Публий Теренций (II век до н.э.) по прозвищу Афр попал в Рим в качестве раба и находился в услужении сенатора Теренция Лукана, который дал ему образование, а потом отпустил на волю, разрешив одарённому вольноотпущеннику взять своё родовое имя. После появления комедий Теренция его литературные соперники стали распространять слухи, что он является лишь подставным лицом, а подлинные авторы комедий — влиятельные патриции Сципион и Лелий, его покровители. Теренций этих слухов не опровергал, и они дошли до потомков. В эпоху Ренессанса мнение древних (почерпнутое у таких авторов, как Цицерон и Квинтилиан), что Теренций был лишь подставной фигурой, маской для подлинных авторов, было очень хорошо известно; об этом писали и английские историки-елизаветинцы. Независимо от того, как в Древнем Риме обстояло дело с авторством Теренция в действительности, превосходный латинист Джон Дэвис и многие его читатели были хорошо знакомы со слухами вокруг имени этого комедиографа; выбирая для уподобления Шекспиру именно Теренция (а не Плавта, как Мерез), Дэвис отлично представлял, какие ассоциации это имя вызывает, и рассчитывал на них. Намёк тонкий, но для посвящённых вполне достаточный, — именно так понимает его большинство сегодняшних нестратфордианцев.

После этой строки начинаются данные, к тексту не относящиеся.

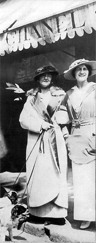 Довилль, 1913 г. Габриель (справа) позирует перед входом в свой первый бутик вместе с Адриенн. Обе одеты в костюмы и шляпы, продающиеся в магазине.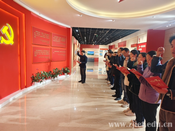 在展馆内,学院党总支的11名党员教师同过政治生日。在学院党总支书记胡小江领誓下,大家重温入党誓词、领取政治生日贺卡,共话初心使命。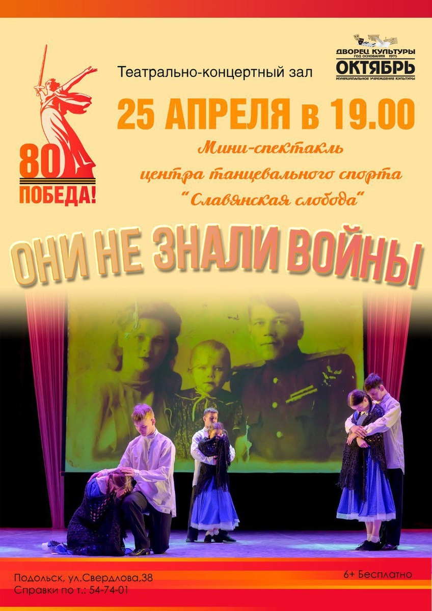 ✨ Концерт Центра танцевального спорта "Славянская слобода" ✴️Коллектив бального танца подготовил для зрителя два отделения. 👯 В первом отделении будут представлены лучшие номера Центра танцевального спорта. 🪖Во втором отделении - мини-спектакль “Они не знали войны" - события июня 1941 года языком бального танца. 🚫 Возраст: 6+ 📆 25.04.2025 🕒 19:00 🏢 Дворец культуры «Октябрь» 📍 г. Подольск, ул. Свердлова, д.38 💰 Вход свободный❗️ #webПодольск ✅ Мероприятия Подольск https://dzen.ru/id/66ed500f7b5671493eca3fd6 http://vk.com/podolsk_events http://dzen.ru/podolsk_events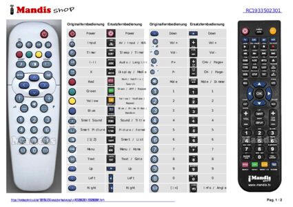 Ein Dokument ist enthalten, um die Verwendung der neuen Fernbedienung zu erleichtern, indem es die Tastenbelegung zeigt.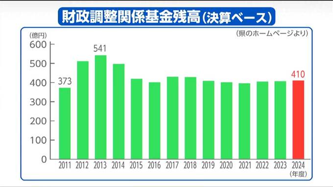 ちなみに、貯金にあたる「財政調整関係基金」は約410億円です。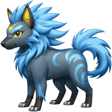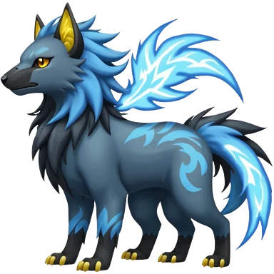 Storm-Grey Cloud-Swirled Heavy-Maned Thunder-Marked Electric Luxray-Manectric-hybrid-creature (full body) emoji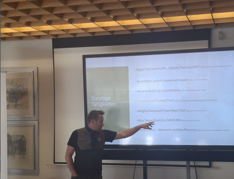Nach einer kurzen Pause stellte Julian Oberhofer, Mitarbeiter von proHolz Tirol das BIGWOOD Planungstool vor. Bernhard Wörter vom Planungsbüro HolzTec zeigte anschließend Praxisbeispiele der Holzbauplanung und umgesetzte Projekte aus seinem Büro. Auch das kürzlich gegründete Netzwerk HolzBauPlanung, das die moderne Holzbauweise weiterentwickeln will, wurde den Teilnehmer*innen präsentiert.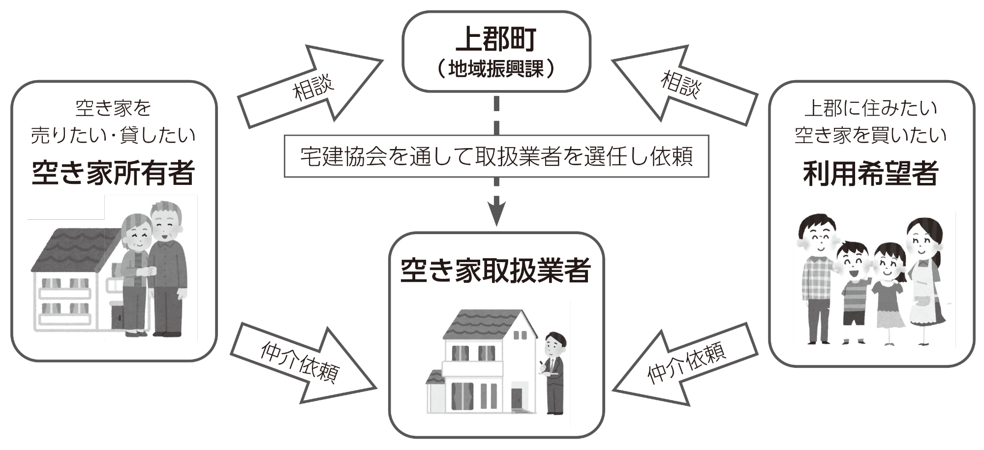 町内の空き家などの売買、賃貸借を希望する所有者から申請を受けた情報を、町内へ移住・定住などを目的として、空き家などの利用を希望する方に対して、町のホームページにより紹介を行うマッチングシステムです。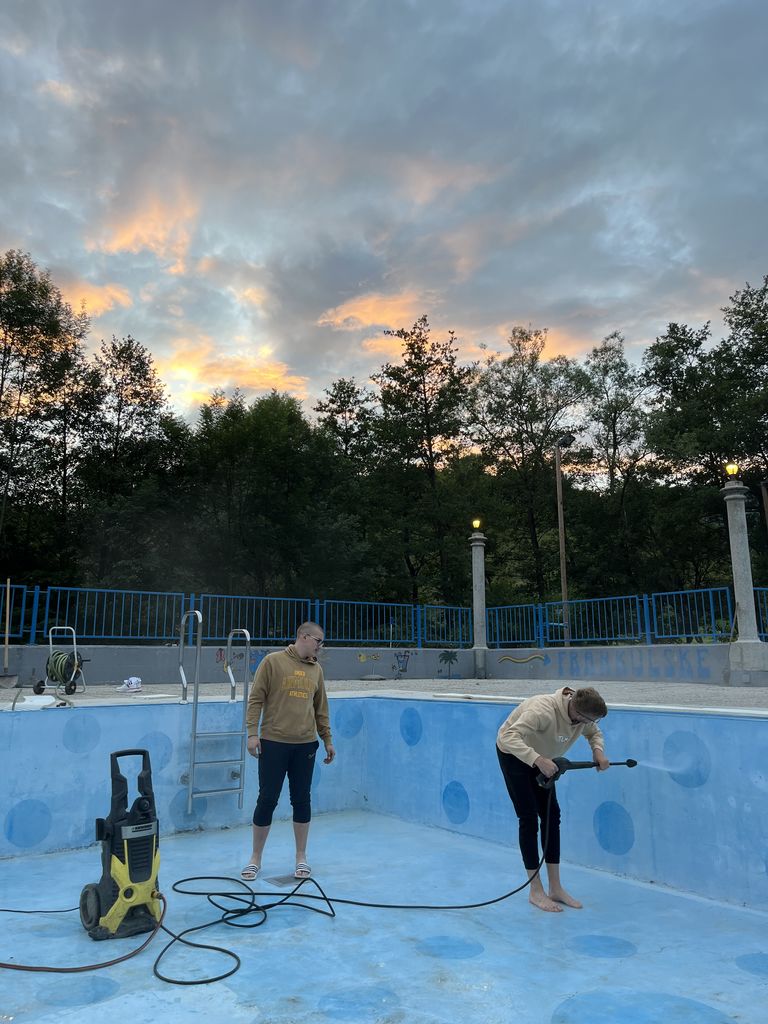 Junija smo nadaljevali čiščenje ter opravili vsa potrebna vzdrževalna dela za nemoteno obratovanje bazena. Prenovili smo streho in notranjost naše brunarice, ki služi kot barček. Posebno pozornost smo namenili urejanju okolice – zasadili smo rože, ki so nam jih prijazno podarili v vrtnarstvu Dar-Denj, za kar se jim iskreno zahvaljujemo. Tik pred odprtjem smo končali še zadnja dela, očistili bazen in bazensko školjko ter dokončno uredili strojnico in celoten videz bazena.

В 1616 году Бен Джонсон среди других своих произведений опубликовал и интереснейшую эпиграмму «О поэтической обезьяне», которую многие западные учёные (в том числе и стратфордианцы) считают направленной против Шекспира (то есть Шакспера). Речь в ней идёт о некоей «обезьяне», про которую «можно подумать, что она у нас главная» (первый поэт). Сначала она довольствовалась тем, что присваивала перелатанные старые пьесы, но потом осмелела и стала хватать всё ей приглянувшееся, а ограбленным поэтам остаётся только печалиться. Попавшее к «обезьяне» объявляется сотворённым ею, и со временем все могут в это поверить, хотя «даже одного глаза достаточно», чтобы увидеть истину.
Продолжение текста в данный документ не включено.